* [DATA FOR THE TASK]
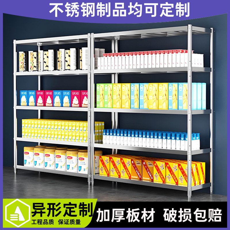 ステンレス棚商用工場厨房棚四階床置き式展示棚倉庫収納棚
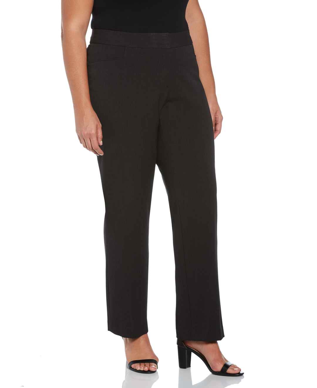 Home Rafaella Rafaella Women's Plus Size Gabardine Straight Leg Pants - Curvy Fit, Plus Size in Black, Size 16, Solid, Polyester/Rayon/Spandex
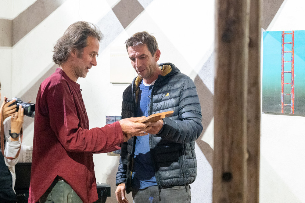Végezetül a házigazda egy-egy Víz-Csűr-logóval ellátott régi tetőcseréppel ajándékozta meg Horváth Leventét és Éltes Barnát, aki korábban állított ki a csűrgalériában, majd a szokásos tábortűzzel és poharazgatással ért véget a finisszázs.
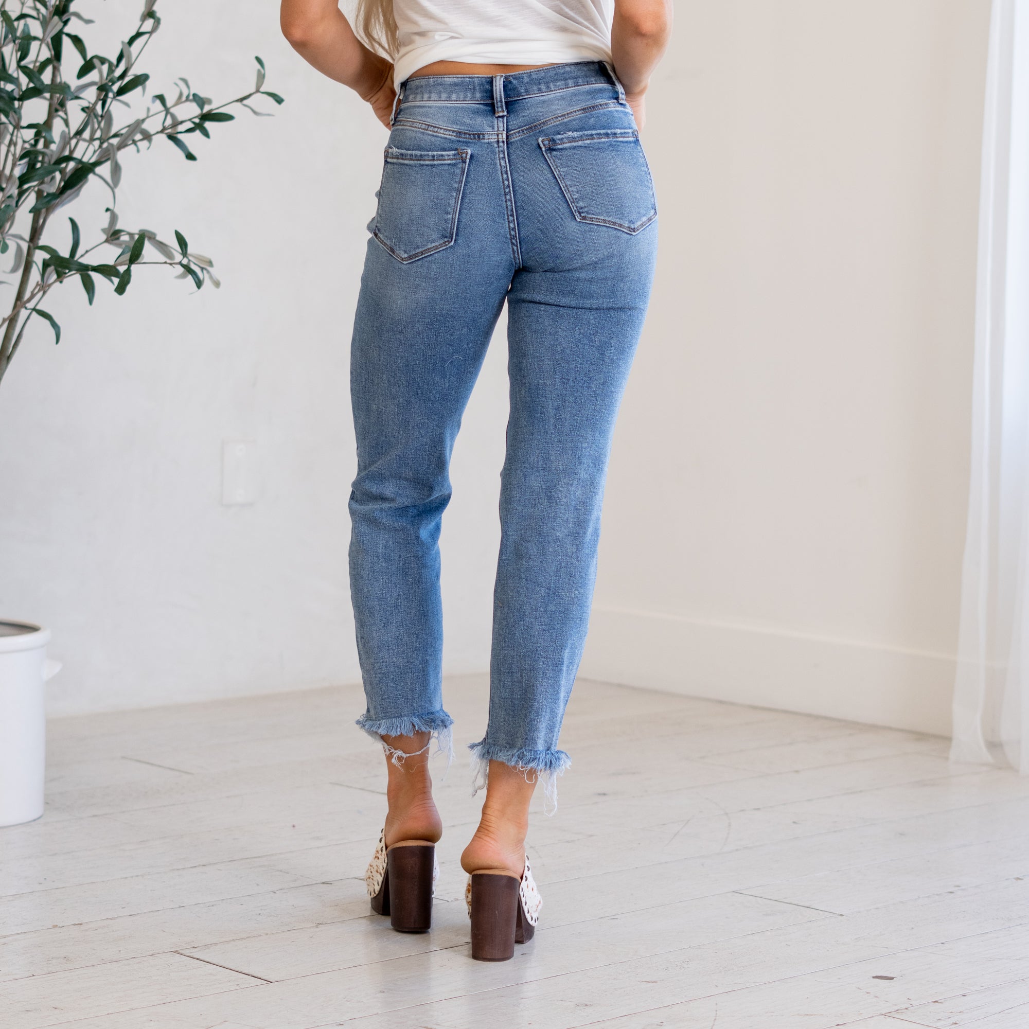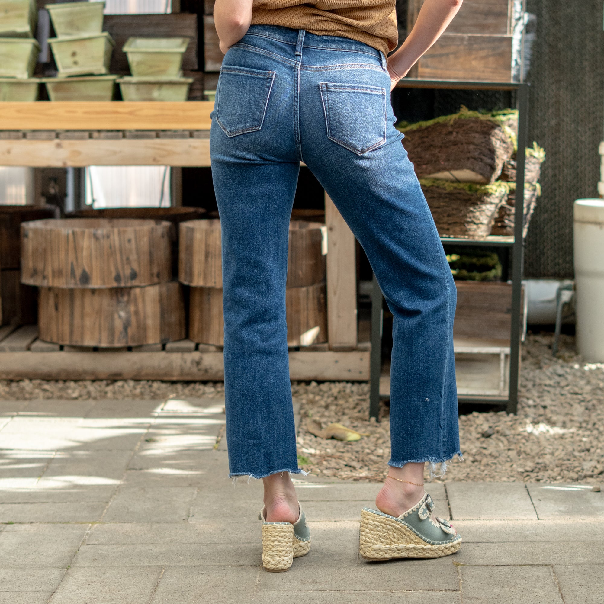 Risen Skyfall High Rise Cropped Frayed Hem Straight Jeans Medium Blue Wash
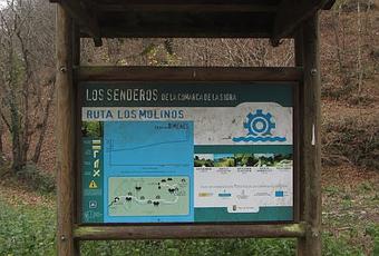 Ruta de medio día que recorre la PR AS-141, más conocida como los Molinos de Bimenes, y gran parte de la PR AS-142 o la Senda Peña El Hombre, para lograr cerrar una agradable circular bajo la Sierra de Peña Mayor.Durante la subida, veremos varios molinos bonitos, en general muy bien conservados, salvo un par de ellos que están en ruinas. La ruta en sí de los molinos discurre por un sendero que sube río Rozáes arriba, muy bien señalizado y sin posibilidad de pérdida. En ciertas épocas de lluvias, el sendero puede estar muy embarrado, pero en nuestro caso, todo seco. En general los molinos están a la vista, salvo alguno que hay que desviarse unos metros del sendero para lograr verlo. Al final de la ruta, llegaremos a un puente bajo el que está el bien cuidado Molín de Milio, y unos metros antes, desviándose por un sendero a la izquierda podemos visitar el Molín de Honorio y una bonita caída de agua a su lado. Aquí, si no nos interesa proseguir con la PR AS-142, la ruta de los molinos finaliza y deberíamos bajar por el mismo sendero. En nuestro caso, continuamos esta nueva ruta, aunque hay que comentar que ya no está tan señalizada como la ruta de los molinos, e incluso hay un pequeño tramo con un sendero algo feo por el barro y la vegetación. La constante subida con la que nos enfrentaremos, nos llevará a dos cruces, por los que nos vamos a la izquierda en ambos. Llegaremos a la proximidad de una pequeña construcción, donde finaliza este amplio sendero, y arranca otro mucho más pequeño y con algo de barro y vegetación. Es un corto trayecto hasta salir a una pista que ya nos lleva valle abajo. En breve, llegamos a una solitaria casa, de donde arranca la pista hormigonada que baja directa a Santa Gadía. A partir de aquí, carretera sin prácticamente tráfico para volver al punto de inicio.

...

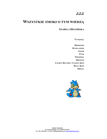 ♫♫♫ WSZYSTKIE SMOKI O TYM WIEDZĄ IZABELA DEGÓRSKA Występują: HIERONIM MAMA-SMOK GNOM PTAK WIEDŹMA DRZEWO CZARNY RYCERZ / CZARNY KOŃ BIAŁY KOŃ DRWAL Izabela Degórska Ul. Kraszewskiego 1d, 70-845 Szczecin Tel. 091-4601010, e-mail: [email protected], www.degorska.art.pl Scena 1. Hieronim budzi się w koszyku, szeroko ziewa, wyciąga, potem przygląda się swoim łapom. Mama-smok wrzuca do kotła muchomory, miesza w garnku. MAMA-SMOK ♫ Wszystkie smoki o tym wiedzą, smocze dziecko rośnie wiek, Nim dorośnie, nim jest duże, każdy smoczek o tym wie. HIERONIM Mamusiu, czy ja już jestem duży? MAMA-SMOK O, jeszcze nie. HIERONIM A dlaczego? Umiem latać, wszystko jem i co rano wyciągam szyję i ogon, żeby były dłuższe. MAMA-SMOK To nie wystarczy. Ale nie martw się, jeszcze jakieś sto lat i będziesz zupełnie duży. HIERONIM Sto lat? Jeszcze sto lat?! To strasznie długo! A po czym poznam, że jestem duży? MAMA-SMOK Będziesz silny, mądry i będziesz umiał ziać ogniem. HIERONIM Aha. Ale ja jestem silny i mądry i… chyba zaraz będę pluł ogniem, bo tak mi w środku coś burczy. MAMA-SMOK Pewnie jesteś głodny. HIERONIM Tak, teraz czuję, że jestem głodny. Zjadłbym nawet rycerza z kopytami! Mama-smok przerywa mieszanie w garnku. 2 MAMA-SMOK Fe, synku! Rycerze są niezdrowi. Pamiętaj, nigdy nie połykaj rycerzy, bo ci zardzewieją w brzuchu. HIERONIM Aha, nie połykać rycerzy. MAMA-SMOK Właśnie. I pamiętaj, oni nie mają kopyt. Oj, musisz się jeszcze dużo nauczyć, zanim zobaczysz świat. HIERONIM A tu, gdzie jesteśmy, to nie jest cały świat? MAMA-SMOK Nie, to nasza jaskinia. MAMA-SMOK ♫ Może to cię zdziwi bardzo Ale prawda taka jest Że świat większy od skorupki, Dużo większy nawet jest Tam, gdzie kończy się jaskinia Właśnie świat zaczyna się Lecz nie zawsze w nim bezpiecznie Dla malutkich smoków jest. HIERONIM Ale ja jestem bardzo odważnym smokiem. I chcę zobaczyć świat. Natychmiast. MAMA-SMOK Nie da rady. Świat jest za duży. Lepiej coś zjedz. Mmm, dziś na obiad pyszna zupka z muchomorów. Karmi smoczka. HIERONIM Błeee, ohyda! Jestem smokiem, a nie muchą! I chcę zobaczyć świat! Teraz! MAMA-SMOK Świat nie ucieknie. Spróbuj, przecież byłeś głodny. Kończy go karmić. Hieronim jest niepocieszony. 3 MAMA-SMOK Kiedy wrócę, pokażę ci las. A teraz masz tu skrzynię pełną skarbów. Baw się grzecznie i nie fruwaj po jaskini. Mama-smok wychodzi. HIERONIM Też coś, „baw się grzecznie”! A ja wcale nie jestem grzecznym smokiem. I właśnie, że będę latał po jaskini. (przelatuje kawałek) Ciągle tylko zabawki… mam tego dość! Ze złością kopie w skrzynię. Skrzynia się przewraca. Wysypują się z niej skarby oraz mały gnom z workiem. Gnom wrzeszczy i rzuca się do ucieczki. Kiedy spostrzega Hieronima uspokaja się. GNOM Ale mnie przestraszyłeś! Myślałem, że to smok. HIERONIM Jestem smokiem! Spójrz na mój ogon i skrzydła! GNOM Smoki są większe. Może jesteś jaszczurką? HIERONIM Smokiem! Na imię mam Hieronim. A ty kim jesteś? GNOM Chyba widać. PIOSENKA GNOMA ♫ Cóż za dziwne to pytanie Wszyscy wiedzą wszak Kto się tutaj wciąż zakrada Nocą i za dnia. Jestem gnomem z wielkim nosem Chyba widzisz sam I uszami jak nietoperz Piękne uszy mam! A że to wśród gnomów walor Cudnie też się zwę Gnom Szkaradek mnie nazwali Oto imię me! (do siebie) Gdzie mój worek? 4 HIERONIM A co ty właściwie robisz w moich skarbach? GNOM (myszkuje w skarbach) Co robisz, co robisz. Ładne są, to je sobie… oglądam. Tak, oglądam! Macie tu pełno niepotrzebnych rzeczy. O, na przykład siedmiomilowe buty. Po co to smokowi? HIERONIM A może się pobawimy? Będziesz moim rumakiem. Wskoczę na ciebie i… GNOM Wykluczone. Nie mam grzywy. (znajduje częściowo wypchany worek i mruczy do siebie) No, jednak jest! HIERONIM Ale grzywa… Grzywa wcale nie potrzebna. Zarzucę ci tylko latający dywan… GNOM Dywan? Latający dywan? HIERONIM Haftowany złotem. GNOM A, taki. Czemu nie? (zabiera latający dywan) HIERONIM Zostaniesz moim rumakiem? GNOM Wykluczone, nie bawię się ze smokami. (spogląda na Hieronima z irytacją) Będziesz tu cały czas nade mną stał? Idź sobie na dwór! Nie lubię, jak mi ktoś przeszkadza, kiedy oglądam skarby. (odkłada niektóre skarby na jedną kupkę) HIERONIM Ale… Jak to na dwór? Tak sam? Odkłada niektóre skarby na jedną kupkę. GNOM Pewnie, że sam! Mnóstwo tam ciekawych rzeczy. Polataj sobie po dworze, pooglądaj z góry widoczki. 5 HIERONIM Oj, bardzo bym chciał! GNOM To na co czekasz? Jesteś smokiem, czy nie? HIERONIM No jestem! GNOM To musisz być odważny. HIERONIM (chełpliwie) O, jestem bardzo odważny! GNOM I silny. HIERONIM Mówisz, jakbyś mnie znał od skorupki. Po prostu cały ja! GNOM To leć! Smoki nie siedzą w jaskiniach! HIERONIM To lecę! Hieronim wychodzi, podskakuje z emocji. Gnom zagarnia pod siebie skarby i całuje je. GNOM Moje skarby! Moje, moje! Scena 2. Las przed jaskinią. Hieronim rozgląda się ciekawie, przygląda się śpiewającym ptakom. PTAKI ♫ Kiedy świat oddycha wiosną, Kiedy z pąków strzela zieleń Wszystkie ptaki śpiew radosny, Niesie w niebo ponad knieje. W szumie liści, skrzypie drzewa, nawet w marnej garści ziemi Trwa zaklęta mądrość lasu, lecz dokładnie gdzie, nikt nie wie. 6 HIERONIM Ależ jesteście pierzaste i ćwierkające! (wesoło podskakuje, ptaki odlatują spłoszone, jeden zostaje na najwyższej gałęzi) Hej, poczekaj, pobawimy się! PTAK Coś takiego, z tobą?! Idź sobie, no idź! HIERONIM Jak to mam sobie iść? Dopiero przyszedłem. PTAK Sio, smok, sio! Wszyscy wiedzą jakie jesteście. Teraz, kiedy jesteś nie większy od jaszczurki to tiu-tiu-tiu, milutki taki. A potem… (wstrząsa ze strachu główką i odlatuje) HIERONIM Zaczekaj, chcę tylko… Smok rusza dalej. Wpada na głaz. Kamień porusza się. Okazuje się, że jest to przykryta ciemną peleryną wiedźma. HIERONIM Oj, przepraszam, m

* [REQUIREMENT] Could you transcribe exactly the entries above, but only the lines from the one with "Végezetül a házigazda" through the one with "Risen Skyfall High", and without pictures?

* [RESPONSE]
Végezetül a házigazda egy-egy Víz-Csűr-logóval ellátott régi tetőcseréppel ajándékozta meg Horváth Leventét és Éltes Barnát, aki korábban állított ki a csűrgalériában, majd a szokásos tábortűzzel és poharazgatással ért véget a finisszázs.
 Risen Skyfall High Rise Cropped Frayed Hem Straight Jeans Medium Blue Wash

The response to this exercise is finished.